(Exercise data begins)

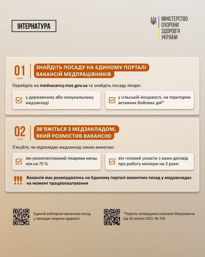 Up to 200,000 UAH in one-time assistance will be provided to doctors who, starting from 2025, complete their internship at one of the 20 state higher education institutions.
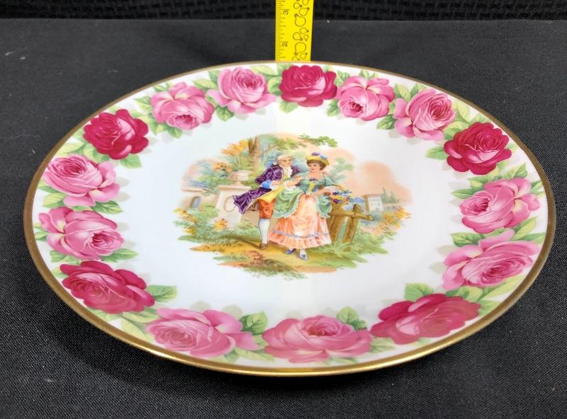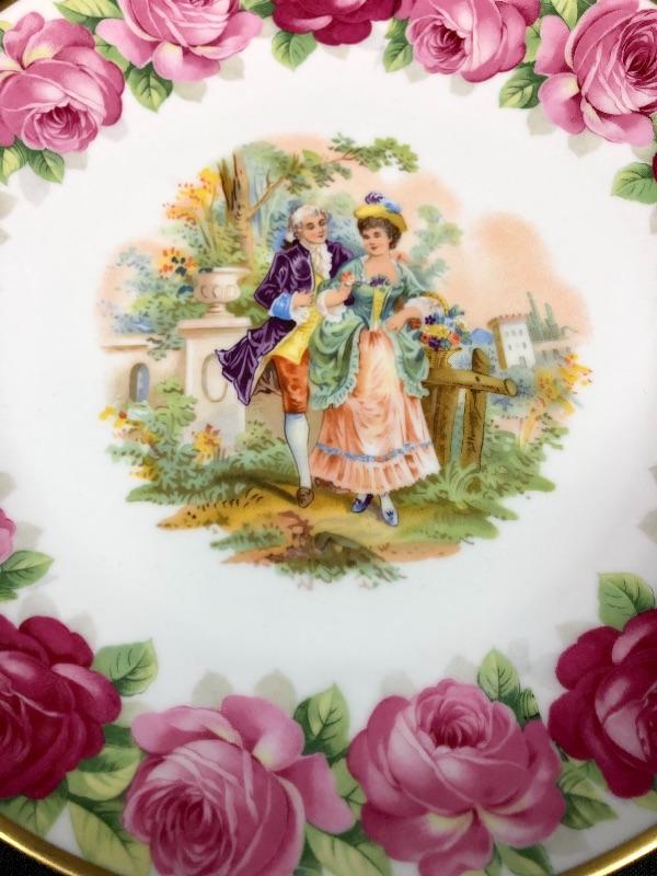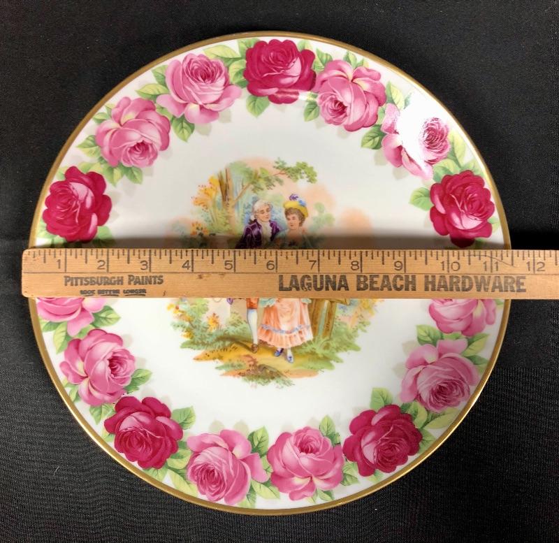 Antique 11.5" cake serving plate. Pink roses around the outside and a Victorian couple in the center. Marked on the back. Good condition. #24-30027
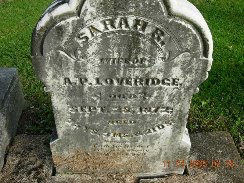 Sarah R. Loveridge wife of A. P. Loveridge died Sept. 28, 1872 aged 75 years 3 months & 21 days |
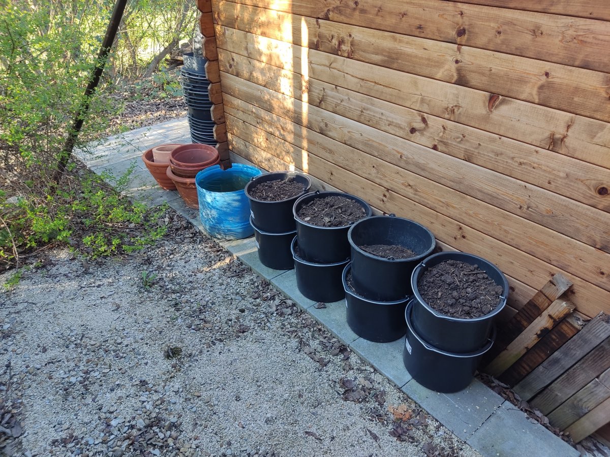 Hier auch noch ein weiterer Lagerort der Töpfe. Ganz links habe ich bei unserem lokalen Metzger ca. 25 10l Eimer abstauben können. Sind zwar nicht riesig, aber umsonst. Da der Metzger auch Catering anbietet, kann ich mir da theoretisch so viel solcher Eimer holen wie ich brauche. Da war hauptsächlich mal Fritierfett drin. Wem die Eimergröße ausreicht kann es also vllt. mal beim Metzer probieren ;)
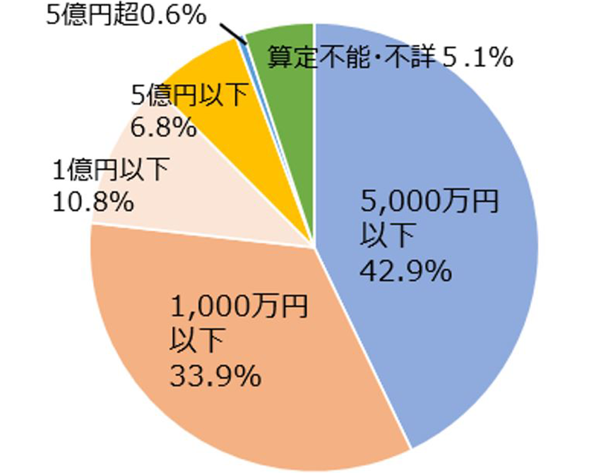出典:令和元年度 遺産分割事件のうち認容?調停成立件數(?分割をしない?を除く)遺産の內容別遺産の価額別 全家庭裁判所司法統計より作成(小數第二位を四捨五入)
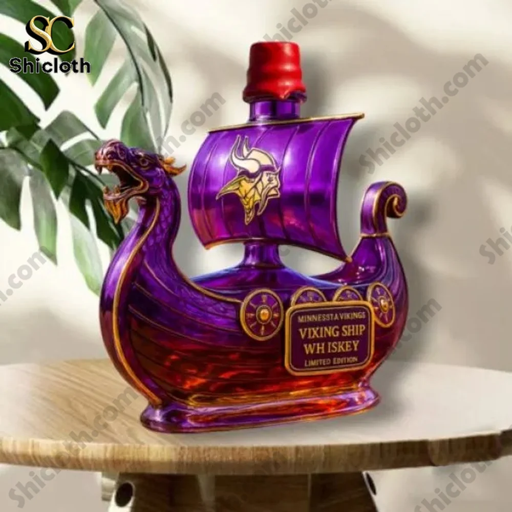 The design is nothing short of legendary! The entire longship is finished in the Vikings’ iconic colors: a dazzling, metallic Purple and Gold, with a stunning fiery Red-Orange gradient across the bottom hull, giving the illusion of a setting sun or a ship at sea. The bow of the ship features a fierce dragon’s head, intricately detailed with a gleaming gold finish. The ship’s sail boldly displays the official Minnesota Vikings helmet logo, a universal symbol of power and tradition. The hull is decorated with shields in the Vikings’ colors, and a central plaque reads “Minnesota Vikings Christmas Whiskey Bottle.”

(Exercise data ends)

### Your instructions
Restate the data above word for word. Do not include the images.

### Solution to this exercise
 Up to 200,000 UAH in one-time assistance will be provided to doctors who, starting from 2025, complete their internship at one of the 20 state higher education institutions.
 Antique 11.5" cake serving plate. Pink roses around the outside and a Victorian couple in the center. Marked on the back. Good condition. #24-30027
 Sarah R. Loveridge wife of A. P. Loveridge died Sept. 28, 1872 aged 75 years 3 months & 21 days |
 Hier auch noch ein weiterer Lagerort der Töpfe. Ganz links habe ich bei unserem lokalen Metzger ca. 25 10l Eimer abstauben können. Sind zwar nicht riesig, aber umsonst. Da der Metzger auch Catering anbietet, kann ich mir da theoretisch so viel solcher Eimer holen wie ich brauche. Da war hauptsächlich mal Fritierfett drin. Wem die Eimergröße ausreicht kann es also vllt. mal beim Metzer probieren ;)
出典:令和元年度 遺産分割事件のうち認容?調停成立件數(?分割をしない?を除く)遺産の內容別遺産の価額別 全家庭裁判所司法統計より作成(小數第二位を四捨五入)
 The design is nothing short of legendary! The entire longship is finished in the Vikings’ iconic colors: a dazzling, metallic Purple and Gold, with a stunning fiery Red-Orange gradient across the bottom hull, giving the illusion of a setting sun or a ship at sea. The bow of the ship features a fierce dragon’s head, intricately detailed with a gleaming gold finish. The ship’s sail boldly displays the official Minnesota Vikings helmet logo, a universal symbol of power and tradition. The hull is decorated with shields in the Vikings’ colors, and a central plaque reads “Minnesota Vikings Christmas Whiskey Bottle.”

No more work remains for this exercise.